■ Querspalte: Der Schumi-GAU
Seit Tschernobyl wissen wir: Das Schreckliche – es passiert irgendwann tatsächlich. Deshalb macht es keinen Sinn, die Augen zu schließen und katatonisch erstarrt auf die Katastrophe zu warten. Stellen wir uns der Realität und machen uns stets auf das Schlimmste gefaßt.
Das Schlimmste startet am Sonntag in Australien und heißt Formel-1-Weltmeisterschaft. Wenn es ganz dick kommt – „worst case“! – dann wird dieses Jahr SchumiI (Michael der Ältere) Weltmeister und Heinz-Harald Frentzen Vizeweltmeister oder umgekehrt. Und SchumiII (Ralf der Jüngere) rast auch noch unter die Besten.

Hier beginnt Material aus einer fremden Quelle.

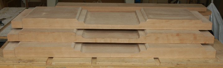 2/20/05 - I finished "roughing out" the blockfront drawer fronts today. They need to be trimmed to size, both in width and length, but I won't do that until I have the case assembled and can see exactly what size to trim them to. Next, I will use the drawer fronts as templates to mark the drawer dividers. I will use the profile of the drawer front and add 3/16 inch for the cockbeading.

Ein deutscher Doppel- oder Dreifachsieg. Ist Ihnen das ganze Ausmaß dieses röhrenden Super-GAUs bewußt? Wissen Sie, was dann auf unseren Straßen los ist? Wie die vielen kleinen Schumachers und Frentzens dann mit ihren Fuchsschwänzen, ihrer Rallyestreifenerotik und den tiefergelegten Glücksgefühlen PSomanisch über die Dörfer kacheln, an der Jet- Tankstelle Boxenstopp machen und uns auf dem Baumarkt-Parkplatz in der Gegengerade ausbremsen? Können Sie sich das wirklich vorstellen?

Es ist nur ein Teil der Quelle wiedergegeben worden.